## How to complete this task
When you reach the line containing "Conjunto de lycra, con" in the records below, start copying exactly, and stop once you have copied the line containing "Um 10.00 Uhr".

## Information
------------------------------------------------
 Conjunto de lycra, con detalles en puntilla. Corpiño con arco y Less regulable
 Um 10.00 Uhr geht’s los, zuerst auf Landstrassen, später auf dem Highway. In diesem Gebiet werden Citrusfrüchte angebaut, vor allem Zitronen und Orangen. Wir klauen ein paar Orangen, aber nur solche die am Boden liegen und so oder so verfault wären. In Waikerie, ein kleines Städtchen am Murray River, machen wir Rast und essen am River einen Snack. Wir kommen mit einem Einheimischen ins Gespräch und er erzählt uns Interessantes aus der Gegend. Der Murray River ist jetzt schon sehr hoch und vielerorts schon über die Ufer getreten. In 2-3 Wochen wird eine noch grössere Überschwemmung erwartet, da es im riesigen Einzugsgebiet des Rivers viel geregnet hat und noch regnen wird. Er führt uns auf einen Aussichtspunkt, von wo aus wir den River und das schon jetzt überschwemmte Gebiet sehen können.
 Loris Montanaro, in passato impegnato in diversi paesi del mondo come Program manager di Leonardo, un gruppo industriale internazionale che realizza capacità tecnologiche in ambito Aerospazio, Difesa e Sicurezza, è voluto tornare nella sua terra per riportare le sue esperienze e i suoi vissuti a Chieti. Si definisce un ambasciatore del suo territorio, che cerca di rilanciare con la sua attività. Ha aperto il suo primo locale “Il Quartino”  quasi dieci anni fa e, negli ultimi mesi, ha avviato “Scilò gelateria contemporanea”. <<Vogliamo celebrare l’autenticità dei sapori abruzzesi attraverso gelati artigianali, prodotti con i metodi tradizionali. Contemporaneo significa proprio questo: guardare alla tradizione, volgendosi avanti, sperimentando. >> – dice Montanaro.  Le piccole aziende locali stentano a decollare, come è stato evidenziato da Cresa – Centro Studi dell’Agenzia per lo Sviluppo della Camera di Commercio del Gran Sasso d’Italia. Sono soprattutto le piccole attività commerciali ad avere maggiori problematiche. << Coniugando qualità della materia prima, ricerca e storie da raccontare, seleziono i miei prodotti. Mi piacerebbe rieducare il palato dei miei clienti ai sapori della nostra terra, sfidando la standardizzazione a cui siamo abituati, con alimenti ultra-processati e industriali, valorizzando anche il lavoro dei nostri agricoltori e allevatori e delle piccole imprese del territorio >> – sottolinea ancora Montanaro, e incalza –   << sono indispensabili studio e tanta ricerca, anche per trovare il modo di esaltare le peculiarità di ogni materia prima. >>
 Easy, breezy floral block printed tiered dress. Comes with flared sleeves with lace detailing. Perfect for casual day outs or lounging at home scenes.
------------------------------------------------
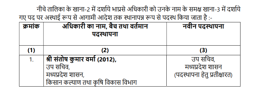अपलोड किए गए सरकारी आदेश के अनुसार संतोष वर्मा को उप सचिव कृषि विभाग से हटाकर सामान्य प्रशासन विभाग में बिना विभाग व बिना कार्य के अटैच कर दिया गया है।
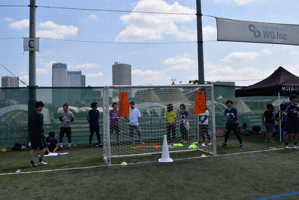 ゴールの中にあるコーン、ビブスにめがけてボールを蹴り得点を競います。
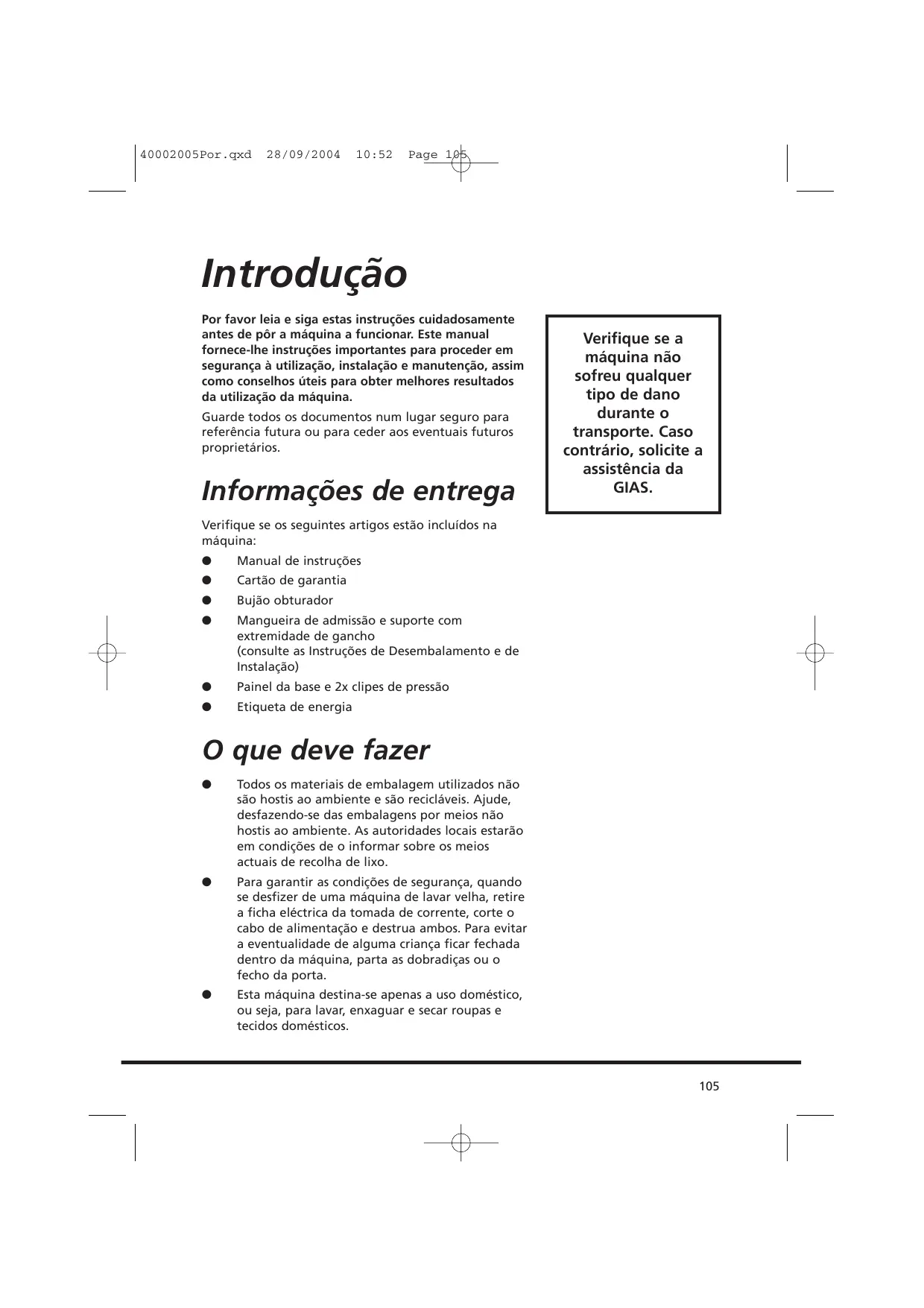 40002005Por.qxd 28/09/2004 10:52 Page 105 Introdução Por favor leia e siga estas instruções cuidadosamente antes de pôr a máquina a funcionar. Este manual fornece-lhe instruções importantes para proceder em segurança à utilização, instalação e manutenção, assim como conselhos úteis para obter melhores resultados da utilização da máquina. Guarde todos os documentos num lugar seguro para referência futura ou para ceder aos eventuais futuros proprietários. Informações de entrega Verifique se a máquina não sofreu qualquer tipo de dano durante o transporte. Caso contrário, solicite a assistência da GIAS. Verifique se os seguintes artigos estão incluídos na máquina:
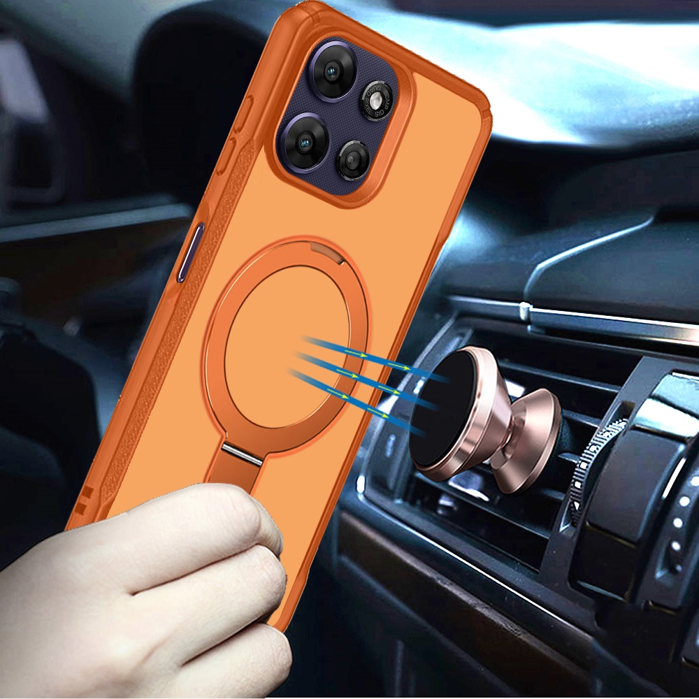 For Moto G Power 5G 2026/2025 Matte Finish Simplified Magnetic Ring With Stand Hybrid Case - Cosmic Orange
------------------------------------------------
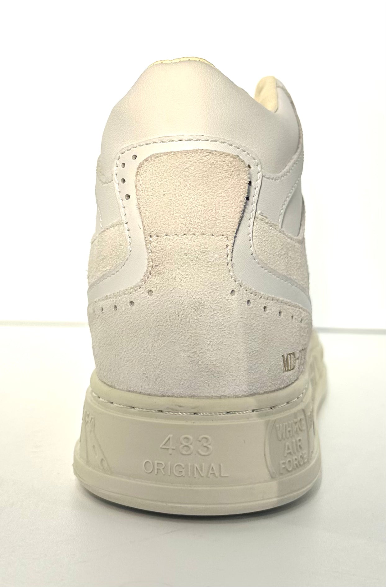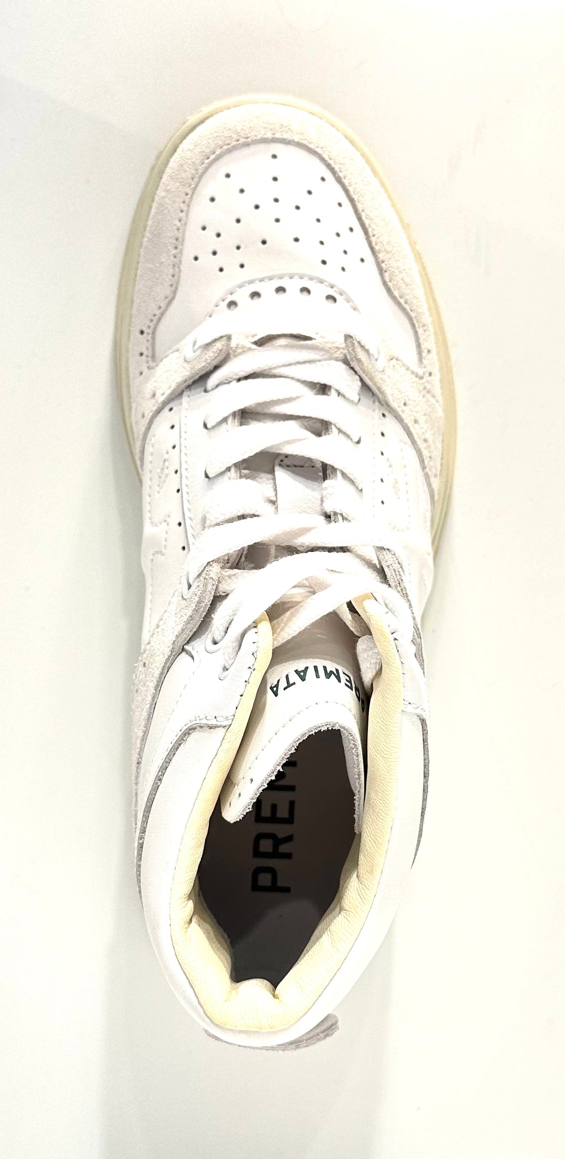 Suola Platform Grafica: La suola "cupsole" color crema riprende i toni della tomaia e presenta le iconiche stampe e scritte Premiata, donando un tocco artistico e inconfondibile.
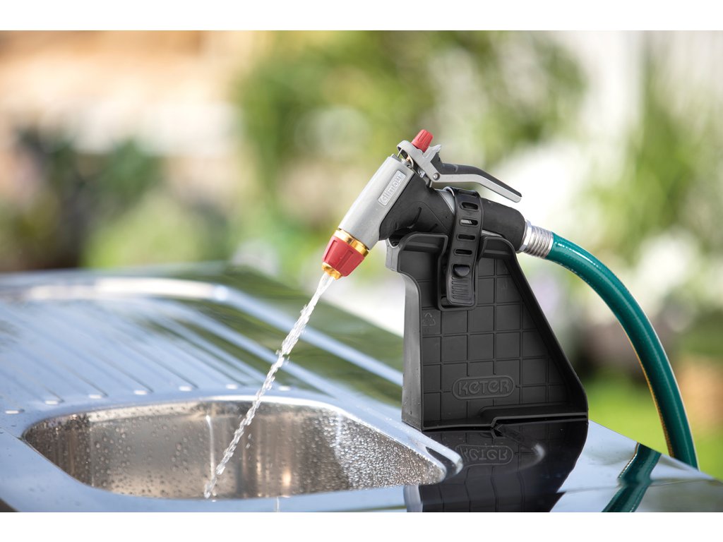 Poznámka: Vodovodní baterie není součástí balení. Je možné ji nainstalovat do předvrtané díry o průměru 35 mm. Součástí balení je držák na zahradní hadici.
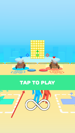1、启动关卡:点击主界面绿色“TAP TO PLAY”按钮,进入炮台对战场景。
------------------------------------------------
## Exercise answer
 Conjunto de lycra, con detalles en puntilla. Corpiño con arco y Less regulable
 Um 10.00 Uhr geht’s los, zuerst auf Landstrassen, später auf dem Highway. In diesem Gebiet werden Citrusfrüchte angebaut, vor allem Zitronen und Orangen. Wir klauen ein paar Orangen, aber nur solche die am Boden liegen und so oder so verfault wären. In Waikerie, ein kleines Städtchen am Murray River, machen wir Rast und essen am River einen Snack. Wir kommen mit einem Einheimischen ins Gespräch und er erzählt uns Interessantes aus der Gegend. Der Murray River ist jetzt schon sehr hoch und vielerorts schon über die Ufer getreten. In 2-3 Wochen wird eine noch grössere Überschwemmung erwartet, da es im riesigen Einzugsgebiet des Rivers viel geregnet hat und noch regnen wird. Er führt uns auf einen Aussichtspunkt, von wo aus wir den River und das schon jetzt überschwemmte Gebiet sehen können.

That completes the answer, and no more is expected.